Both utilities and ratepayer advocates were unhappy with the measure, leading the committee’s co-chairman to suggest he and his colleagues had done an OK job.
“It may be a little bit encouraging that utilities and ratepayers both have a problem with this,” said Sen. Bill Dodd, a Napa Valley Democrat.
The final conference committee report on Senate Bill 901 was approved in a confused rush Tuesday night as a deadline approached to get the bill in print 72 hours before the legislature reaches the end of its two-year session at midnight Friday.
Earlier versions of the bill would have removed the strict liability that California imposes on utilities if electrical equipment is a substantial cause of a wildfire.
Under the legal doctrine, Pacific Gas & Electric potentially faces billions of dollars in damages for last year’s devastating wine country fires, which leveled a swath of the city of Santa Rosa. State fire investigators said the utility was at least partly to blame for a number of those blazes because trees or branches hit PG&E power lines.

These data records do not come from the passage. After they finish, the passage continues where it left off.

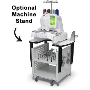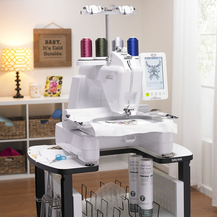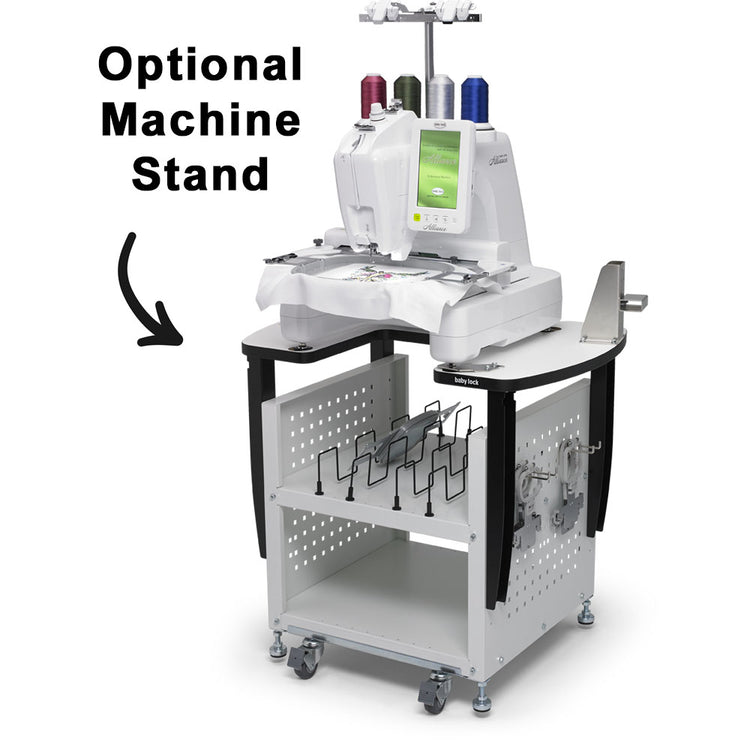 You won't regret purchasing the optional embroidery machine stand along with your Baby Lock Alliance. This stand is on locking casters, so you can easily move it around your sewing room. It comes with 2 storage shelves and 4 adjustable brackets so you can hang your hoops or accessories.
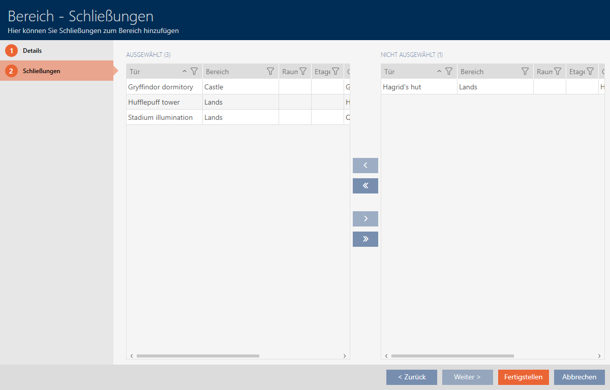 Tildeling af flere låse til et andet område (i områdets vindue) - AXM Classic
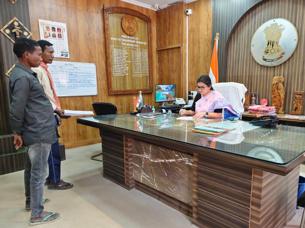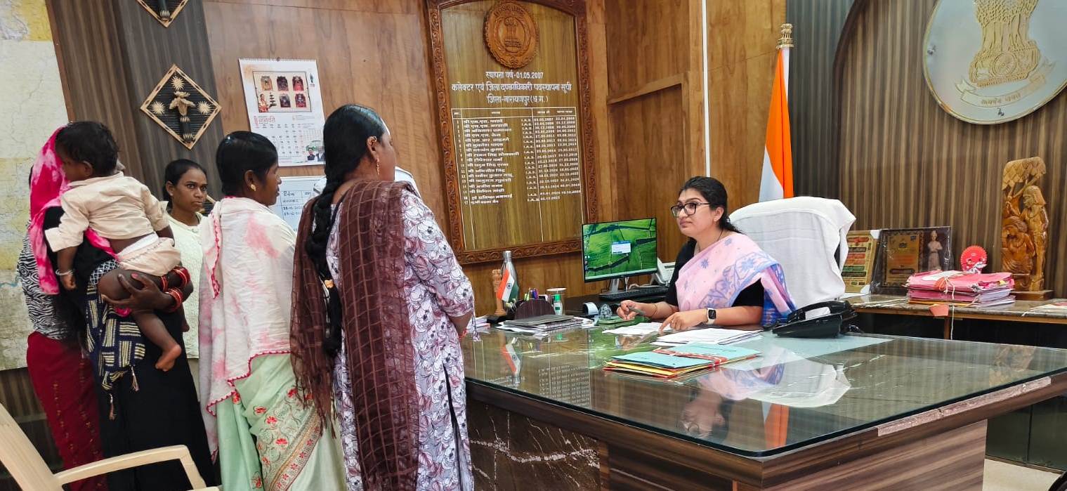 नारायणपुर कलेक्ट्रेट कार्यालय में सोमवार को आयोजित साप्ताहिक जनदर्शन कार्यक्रम में कलेक्टर नम्रता जैन ने जिले के विभिन्न ग्रामों से पहुंचे आम नागरिकों से सीधी मुलाकात कर उनकी समस्याएं, मांगें एवं शिकायतें गंभीरता से सुनीं। कलेक्टर ने जनदर्शन में प्राप्त आवेदनों पर संबंधित विभागीय अधिकारियों को त्वरित एवं संवेदनशील कार्रवाई के निर्देश देते हुए आवेदकों को शीघ्र निराकरण का भरोसा दिलाया।
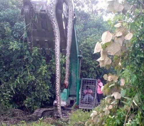 O fotográfo alegou que a cobra era uma das duas jibóias enormes encontrado por trabalhadores, que estavam desmatando a floresta para criação de uma nova estrada.

The conference committee deleted the provision eliminating strict liability and replaced it with a procedure that would allow the utilities to issue revenue bonds to cover wildfire costs. Charges would be added to customers’ bills to pay off the bond debts. (See Bond Sales Eyed to Fund Utility Wildfire Costs.)
That didn’t make utilities happy. A lobbyist for San Diego Gas & Electric told the committee Tuesday it was a step backward from the prior version of the bill.

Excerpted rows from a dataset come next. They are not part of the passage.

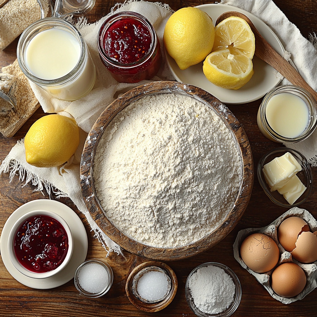 These ingredients are straightforward pantry staples, each chosen to build that rich, tender brioche texture while letting the bright raspberry flavor shine brilliantly through the swirl.
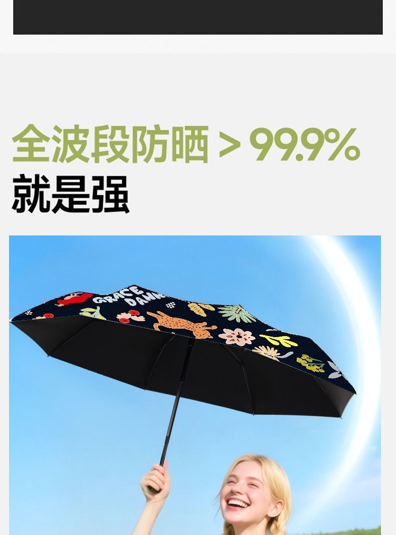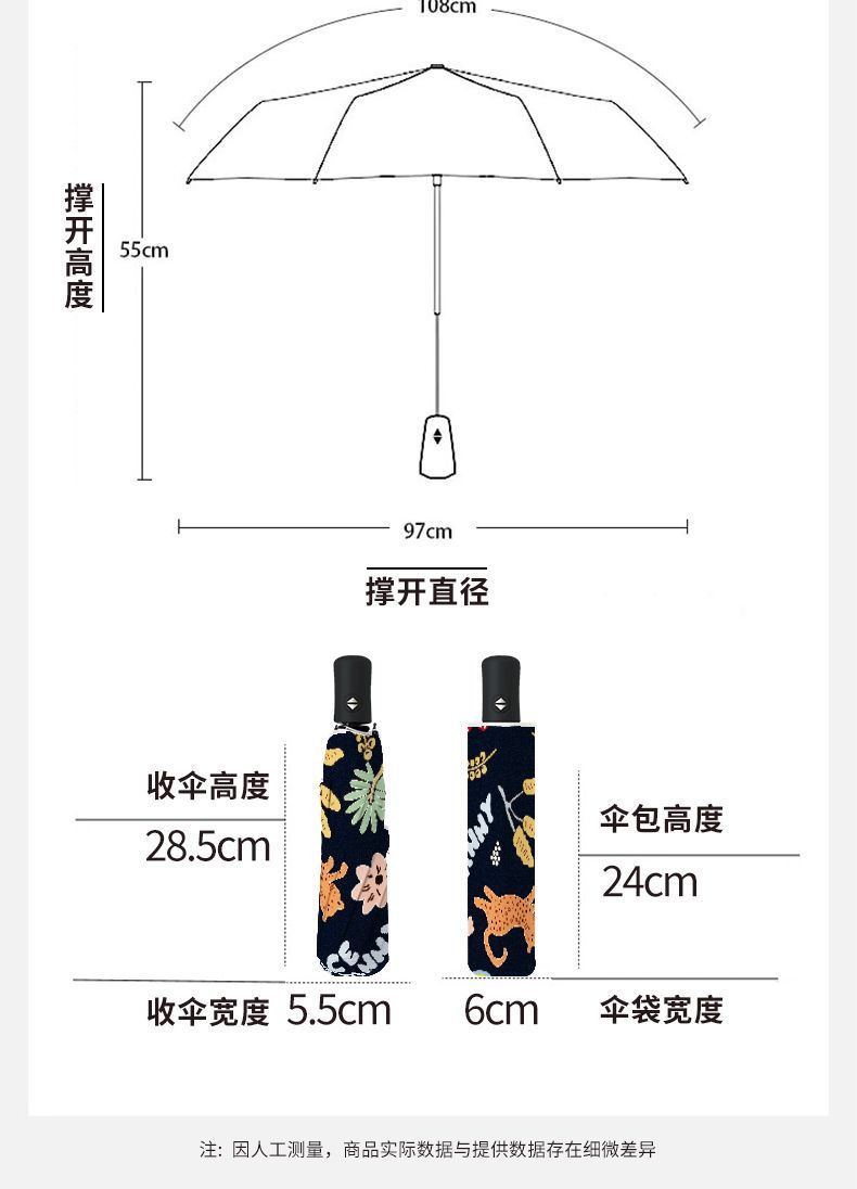 子供っぽい森の日焼け止めと紫外線防止傘、女性用、晴雨兼用、全自動折りたたみ、コンパクトでポータブルなサンシェード
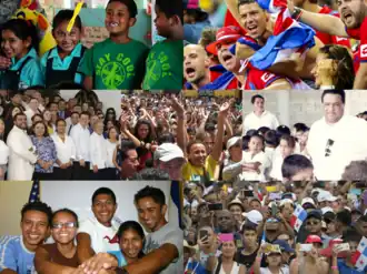 ![]() Fotomontaje de personas provenientes de la región, en orden alfabético de arriba hacia abajo y de izquierda a derecha: beliceños, costarricenses, salvadoreños, guatemaltecos, hondureños, nicaragüenses y panameños. | ||
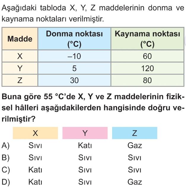 6. Sınıf Maddenin Hâl Değişim Noktaları Test 1

Ratepayer advocates were outraged.
“We strongly oppose this bailout for PG&E,” said Mark Toney, executive director of The Utility Reform Network. “Billions of dollars at stake should not be decided in such a rushed process.”
Other groups, including cities, counties and plaintiffs’ attorneys, supported the conference committee’s report because it left intact the strict liability standard, sometimes called “inverse condemnation,” which allows those harmed to be compensated without proving negligence.
The conference committee report also contains measures to prevent wildfires, including provisions governing forest management and tree removal. And it allows the California Public Utilities Commission to consider the reasonableness of a utility’s conduct in determining whether to allow it to recover wildfire costs from ratepayers.
The conference committee report will be incorporated into SB 901, which now goes back to the Senate and Assembly. Both houses must approve the bill by Friday if they want it to reach the desk of Gov. Jerry Brown.